WHAT TO PRODUCE
Reproduce the records. Keep every word exact and include no images.

RECORDS TO PROCESS
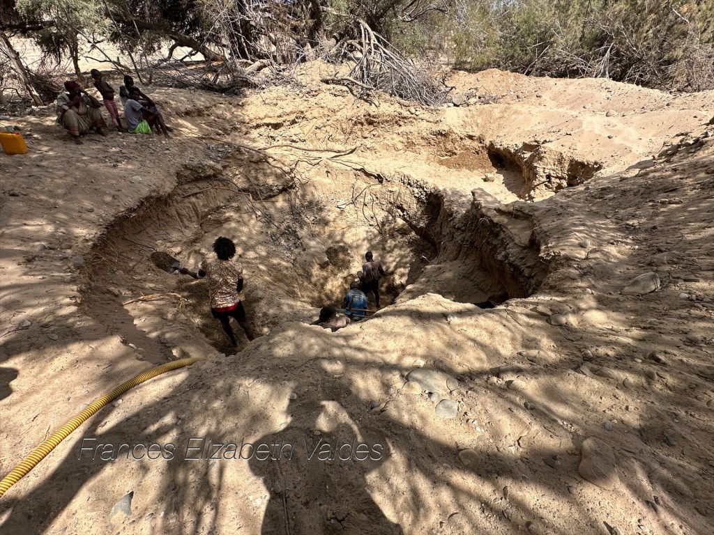 It was early when we were in camp, and unusually for us we spent the afternoon chilling out. It was really rather nice, we were overlooking the dry river bed, with a view of the distant mountains. The campsite was in a lovely situation. We were curious about how the borehole dig was going and went to see. By the end of the day the water table had been reached, and Chips looked so happy.
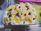 スポンジを半分に切ります。キャセロール型に敷き詰めます。冷めたシロップを刷毛で塗ります。 | |
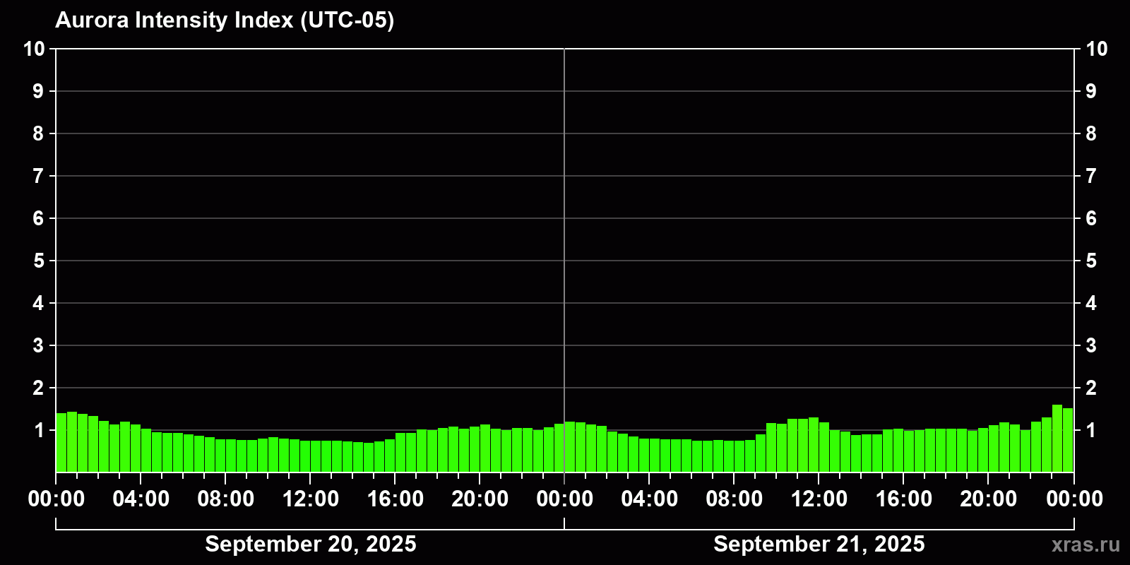 Auroral intensity index and the theoretically possible latitude of observations for nighttime in the Western Hemisphere as of 2025-09-21 23:58 (end of day) local time
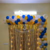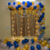 - 40–50 balloons with ribbons will be attached to the ceiling. The rest will be arranged around the royal blue and gold balloon decoration with foil fringe backdrop to create a beautiful decoration.
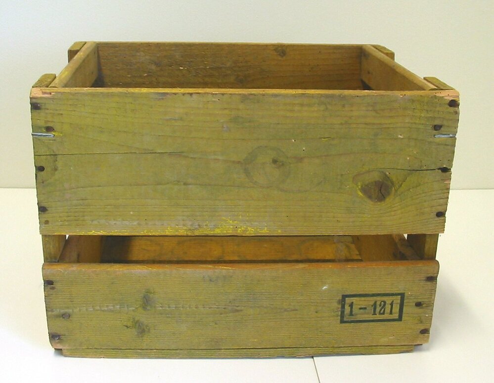 - BeschrijvingGele houten krat, opgebouwd uit 14 plankjes. Waarschijnlijk gebruikt voor het vervoer van flessen.
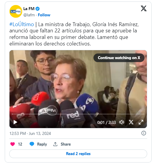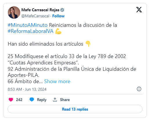 “Estos artículos eliminados fueron concertados, pero tengo que decir en representación de nuestra bancada que lamentamos esta eliminación porque hacia parte fundamental de la reforma. Era todo el capítulo del derecho colectivo. Sin embargo, en aras que la discusión avance y podamos llegar a buenos acuerdos, decidimos concertar”, declaró Carrascal.
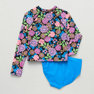 new!Thereabouts Little & Big Kid Girls Floral 2-pc. Rash Guard Set
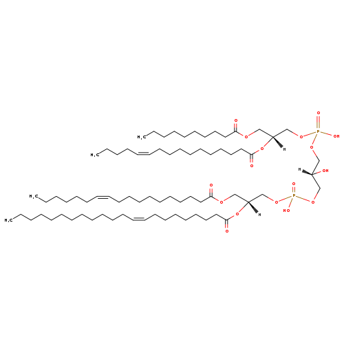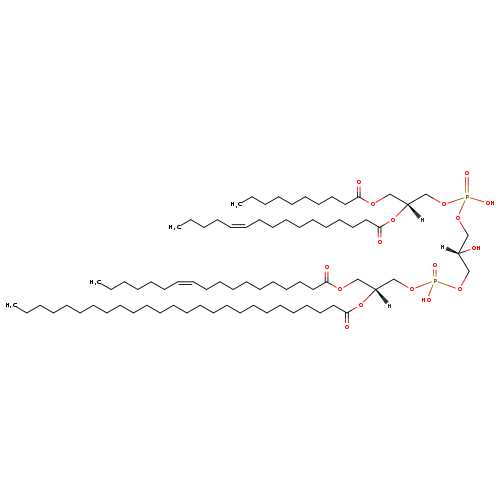 | YMDB04215 | CL(10:0/16:1(11Z)/18:1(11Z)/24:0) | [(2R)-3-({[(2R)-3-(decanoyloxy)-2-[(11Z)-hexadec-11-enoyloxy]propoxy](hydroxy)phosphoryl}oxy)-2-hydroxypropoxy][(2R)-3-[(11Z)-octadec-11-enoyloxy]-2-(tetracosanoyloxy)propoxy]phosphinic acid | C77H146O17P2 1405.946 | |
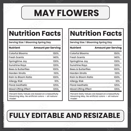 may flower nutrition facts spring flower nutrition label floral nutrition facts template flower wellness facts botanical nutrition facts may blooms infographic springtime health concept
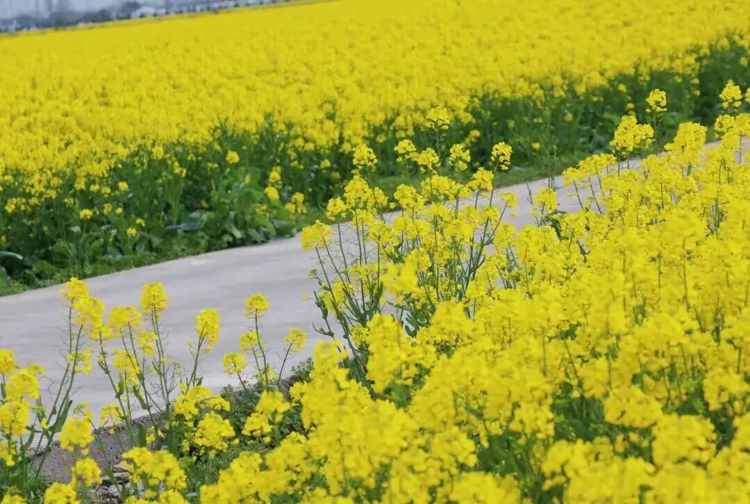 不同于城市公园里的精致花田,这里的油菜花有着纯粹的田园野趣。蜿蜒的田埂缠绕着无边无际的金黄,脚下是松软的泥土,身旁是盛放的花海,治愈感拉满。
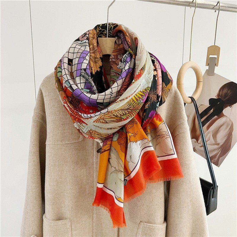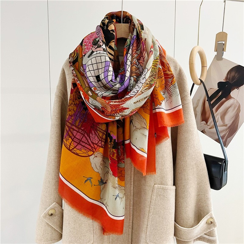 70% Cashmere 30% Silk Nature Print Double Face Shawl by Sallys 53"
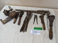 626 (5) Pipe Wrenches, (5) Nippers & Water Well Pulling Tool
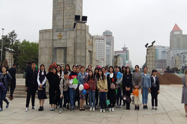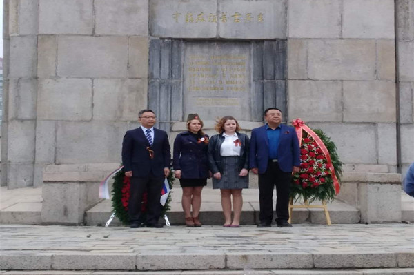 在人民广场纪念碑前,我院学生手执鲜花,同各校师生一起聆听领导致辞和英雄故事,歌唱«На безымянной высоте»,共同缅怀英烈和死难者,为烈士献花寄托哀思。之后观看了吉林大学学生代表歌唱的«喀秋莎»、长春大学学生代表朗诵的诗歌及俄罗斯留学生们带来的精彩舞蹈。
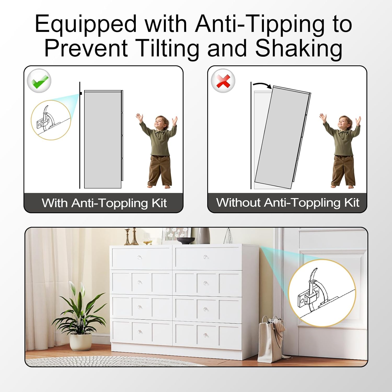 - Durable & Stable Construction Built to last, this white dresser 8 drawer for bedroom features premium ball-bearing drawer glides for smooth operation and exceptional weight capacity. Whether storing clothes, toys or office supplies, the white 8 drawer dresser wide maintains steadfast stability. The white 8 drawer dressers for bedroom retains its flawless performance and appearance even with daily use over time.
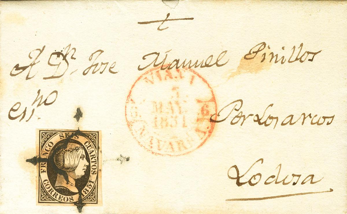 6. 1851. 6 cuartos negro. VIANA a LOSOSA. En el frente baeza VIANA / NAVARRA. MAGNIFICA Y RARA.
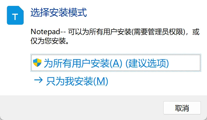 压缩包下载到本地之后解压到合适的路径,然后以管理员身份运行安装程序。首先需要选择安装模式,建议选择为所有人安装。
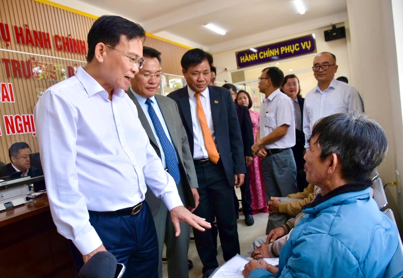 Chủ tịch UBND tỉnh Lâm Đồng Hồ Văn Mười (bìa trái) động viên thăm hỏi người dân đến làm thủ tục tại cơ sở.
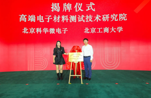 活动现场,“北京科华微电子—北京工商大学高端电子材料测试技术研究院”成立。校友代表与北京工商大学校长郭建华共同揭牌。
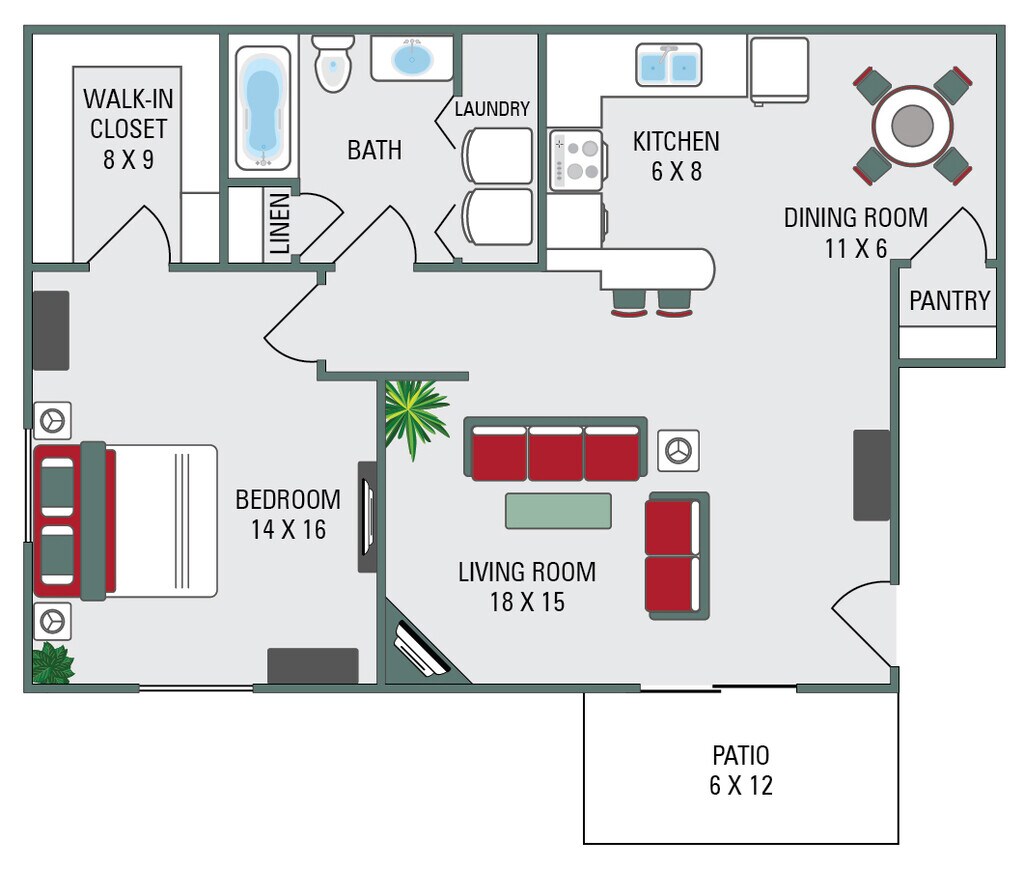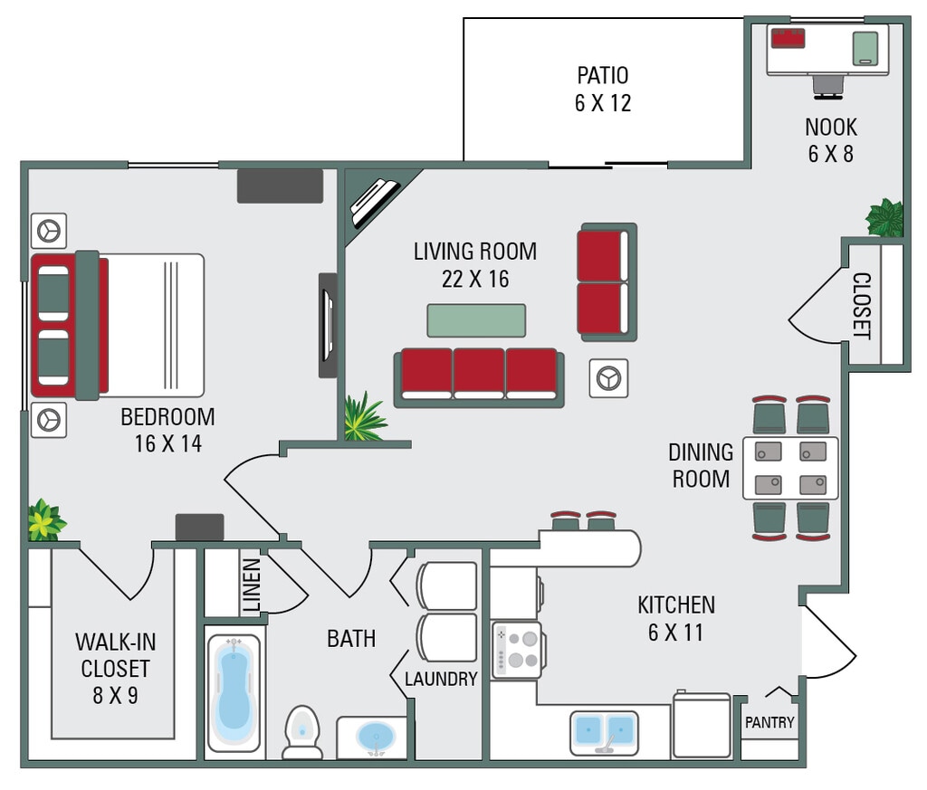Modelo de apartamento: The Silverstone - 895-975 SqftDesde $1,0951 Dormitorio, 1 Baño, 895-975 sq ftDisponible Ahora![]()
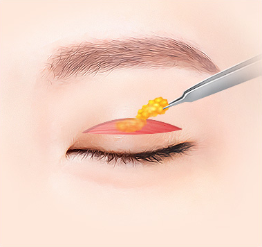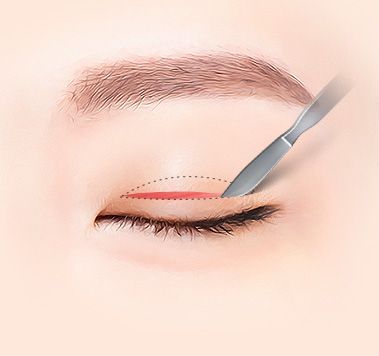 눈꺼풀의 피부를 절개하여 지방이나 처진피부, 근육 등을 적절하게 제거한후
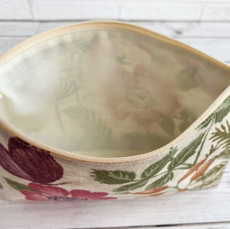 A lovely make up bag made from a pretty floral print fabric. The pattern features pink flowers with purple centres, alongside green foliage and burnt orange seed pods. There is a purple butterfly sitting on one of the flowers. The shades of the pattern look lovely against the cream background of the fabric. The cosmetic bag fastens with a cream zip and is lined with cream fabric. The base of the bag is boxed giving lots of room inside.
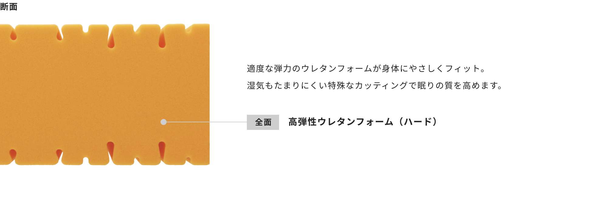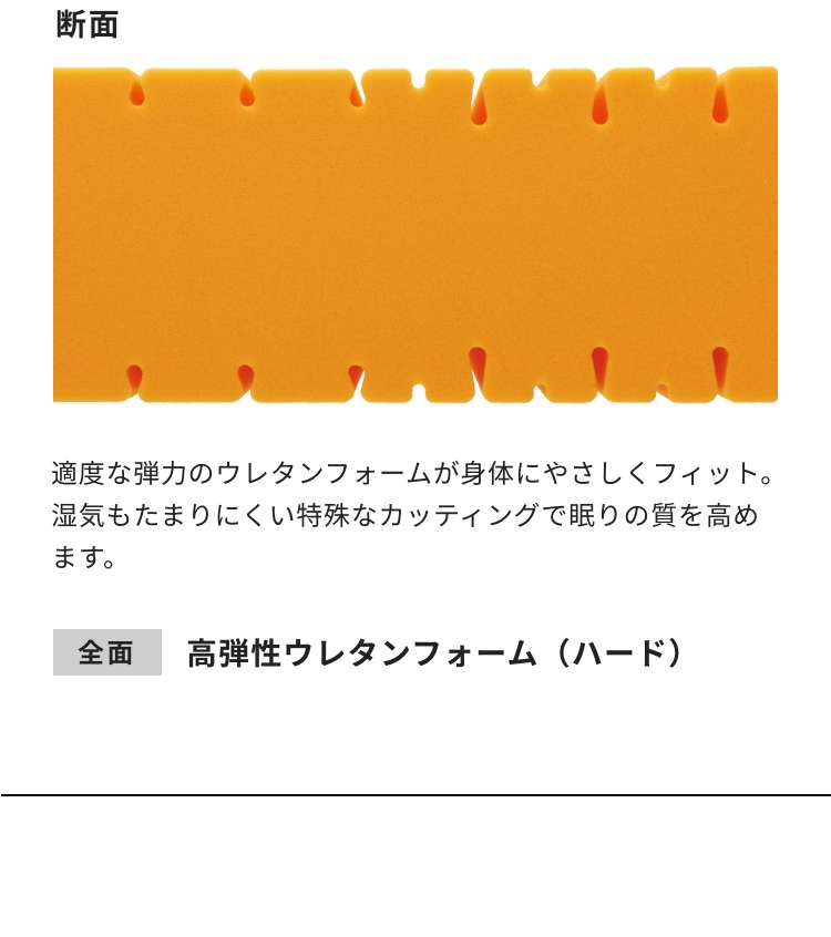 高弾性のウレタンが体を支え、7×5のゾーニングが寝返りをサポート。コシが強いマットレスは、敷布団からの切り替えにもおすすめです。

SOLUTION
 It was early when we were in camp, and unusually for us we spent the afternoon chilling out. It was really rather nice, we were overlooking the dry river bed, with a view of the distant mountains. The campsite was in a lovely situation. We were curious about how the borehole dig was going and went to see. By the end of the day the water table had been reached, and Chips looked so happy.
 スポンジを半分に切ります。キャセロール型に敷き詰めます。冷めたシロップを刷毛で塗ります。 | |
 Auroral intensity index and the theoretically possible latitude of observations for nighttime in the Western Hemisphere as of 2025-09-21 23:58 (end of day) local time
 - 40–50 balloons with ribbons will be attached to the ceiling. The rest will be arranged around the royal blue and gold balloon decoration with foil fringe backdrop to create a beautiful decoration.
 - BeschrijvingGele houten krat, opgebouwd uit 14 plankjes. Waarschijnlijk gebruikt voor het vervoer van flessen.
 “Estos artículos eliminados fueron concertados, pero tengo que decir en representación de nuestra bancada que lamentamos esta eliminación porque hacia parte fundamental de la reforma. Era todo el capítulo del derecho colectivo. Sin embargo, en aras que la discusión avance y podamos llegar a buenos acuerdos, decidimos concertar”, declaró Carrascal.
 new!Thereabouts Little & Big Kid Girls Floral 2-pc. Rash Guard Set
 | YMDB04215 | CL(10:0/16:1(11Z)/18:1(11Z)/24:0) | [(2R)-3-({[(2R)-3-(decanoyloxy)-2-[(11Z)-hexadec-11-enoyloxy]propoxy](hydroxy)phosphoryl}oxy)-2-hydroxypropoxy][(2R)-3-[(11Z)-octadec-11-enoyloxy]-2-(tetracosanoyloxy)propoxy]phosphinic acid | C77H146O17P2 1405.946 | |
 may flower nutrition facts spring flower nutrition label floral nutrition facts template flower wellness facts botanical nutrition facts may blooms infographic springtime health concept
 不同于城市公园里的精致花田,这里的油菜花有着纯粹的田园野趣。蜿蜒的田埂缠绕着无边无际的金黄,脚下是松软的泥土,身旁是盛放的花海,治愈感拉满。
 70% Cashmere 30% Silk Nature Print Double Face Shawl by Sallys 53"
 626 (5) Pipe Wrenches, (5) Nippers & Water Well Pulling Tool
 在人民广场纪念碑前,我院学生手执鲜花,同各校师生一起聆听领导致辞和英雄故事,歌唱«На безымянной высоте»,共同缅怀英烈和死难者,为烈士献花寄托哀思。之后观看了吉林大学学生代表歌唱的«喀秋莎»、长春大学学生代表朗诵的诗歌及俄罗斯留学生们带来的精彩舞蹈。
 - Durable & Stable Construction Built to last, this white dresser 8 drawer for bedroom features premium ball-bearing drawer glides for smooth operation and exceptional weight capacity. Whether storing clothes, toys or office supplies, the white 8 drawer dresser wide maintains steadfast stability. The white 8 drawer dressers for bedroom retains its flawless performance and appearance even with daily use over time.
 6. 1851. 6 cuartos negro. VIANA a LOSOSA. En el frente baeza VIANA / NAVARRA. MAGNIFICA Y RARA.
 压缩包下载到本地之后解压到合适的路径,然后以管理员身份运行安装程序。首先需要选择安装模式,建议选择为所有人安装。
 Chủ tịch UBND tỉnh Lâm Đồng Hồ Văn Mười (bìa trái) động viên thăm hỏi người dân đến làm thủ tục tại cơ sở.
 活动现场,“北京科华微电子—北京工商大学高端电子材料测试技术研究院”成立。校友代表与北京工商大学校长郭建华共同揭牌。
Modelo de apartamento: The Silverstone - 895-975 SqftDesde $1,0951 Dormitorio, 1 Baño, 895-975 sq ftDisponible Ahora![]()
 눈꺼풀의 피부를 절개하여 지방이나 처진피부, 근육 등을 적절하게 제거한후
 A lovely make up bag made from a pretty floral print fabric. The pattern features pink flowers with purple centres, alongside green foliage and burnt orange seed pods. There is a purple butterfly sitting on one of the flowers. The shades of the pattern look lovely against the cream background of the fabric. The cosmetic bag fastens with a cream zip and is lined with cream fabric. The base of the bag is boxed giving lots of room inside.
 高弾性のウレタンが体を支え、7×5のゾーニングが寝返りをサポート。コシが強いマットレスは、敷布団からの切り替えにもおすすめです。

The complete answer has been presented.